生活環境は、前世の日本に劣るものもあったが、勝っている場合も多かった。娯楽関係は乏しいが、衛生面等はとても進んでいた。
「うーん、難しいなぁ…」
アズベルは頭を抱えていた。
アズベルの見ている魔方陣は、数多くある魔方陣の中でも基本的なモノだった。魔方陣に関する事柄は、王都にある魔法学園でも‘魔方陣の理論と構造(基礎編)’という名で入学早々に習い始める。
「んと、何々…」
アズベルは魔方陣の教本を眺める。
「クソッ!だぁぁぁ!分かんないよぉ!教本もっと分かりやすく書けよぉ!」
アズベルは唸った。
「第一、誰だよ!エ□ン・ベーカリーって!可愛い美少女を教本に取り入れてんじゃねぇよ!萌えてしまうだろ!」
教本での登場人物に対しても、怒りを覚えていた。
異世界転生者なら簡単にできるだろ、と思う人もいるだろう。だが、そんなに世の中は甘くない。
魔方陣とは、魔力が流れる事によって初めてその効果を発揮する。まあ、今では魔力を電池の様にして蓄えておくことも可能になったが、基本的には魔力が必要だ。

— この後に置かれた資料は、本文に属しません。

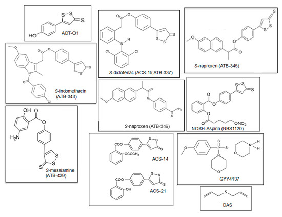 Molecular structures of slow H2S-releasing agents with potential anti-inflammatory properties for the treatment of arthritis. ADT-OH (5-(4-hydroxyphenyl)-3H-1,2-dithiole-3-thione) and ATB-429 ([4-(5-sulfanylidenedithiol-3-yl) phenyl] 5-amino-2-hydroxybenzoate) are H2S-releasing derivatives of mesalamine. ATB-337, ATB- 343, and ATB-345 are respectively diclofenac, indomethacin, and naproxen linked to a hydrogen sulfide-releasing moiety. ATB-346 is naproxen covalently linked to 4-hydroxythiobenzamide (TBZ). ACS-14 is aspirin linked to H2S donors, ACS-21 is deacetylated aspirin linked to H2S donors, and NBS1120 is a NO H2S-releasing derivative of aspirin. GYY4137—morpholin-4-ium 4 methoxyphenyl phosphinodithioate; DAS—diallyl sulfide.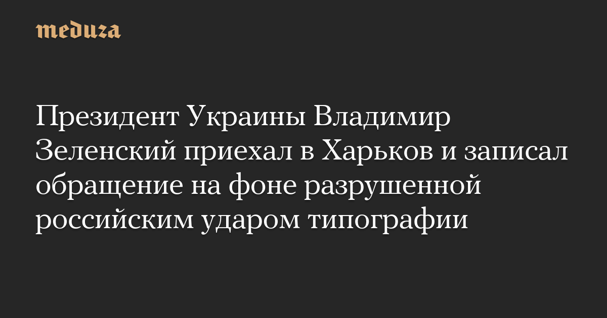 Президент Украины Владимир Зеленский приехал в Харьков — город, по которому войска РФ ежедневно наносят удары. Он записал видеообращение с места одного их таких ударов — типографии «Виват», которую войска РФ обстреляли ракетами 23 мая. Тогда погибли семь сотрудников типографии, более 20 человек получили ранения, сгорели более 50 тысяч изданий, хранившихся на складе.

魔方陣に魔力が流れる。これはつまり、魔力が流れなければ、魔方陣は発動しないということになる。魔方陣を書くことは、電気回路を書くこととほぼかわりはないのだ。
そんな難しい事をアズベルが簡単にできる訳もなく、勉強は難航していた。
◆◆◆
月光が冴え渡る時刻。アズベルはまだ机に向かっている。
「…前世のファンタジーモノでは、皆簡単に魔方陣を改良していた。もっと簡単にできるものかと思っていたが…これは、本格的に向かい合う必要がありそうだなぁ。」
アズベルは今後の課題を見通しながら、崩れ落ちる様に眠った。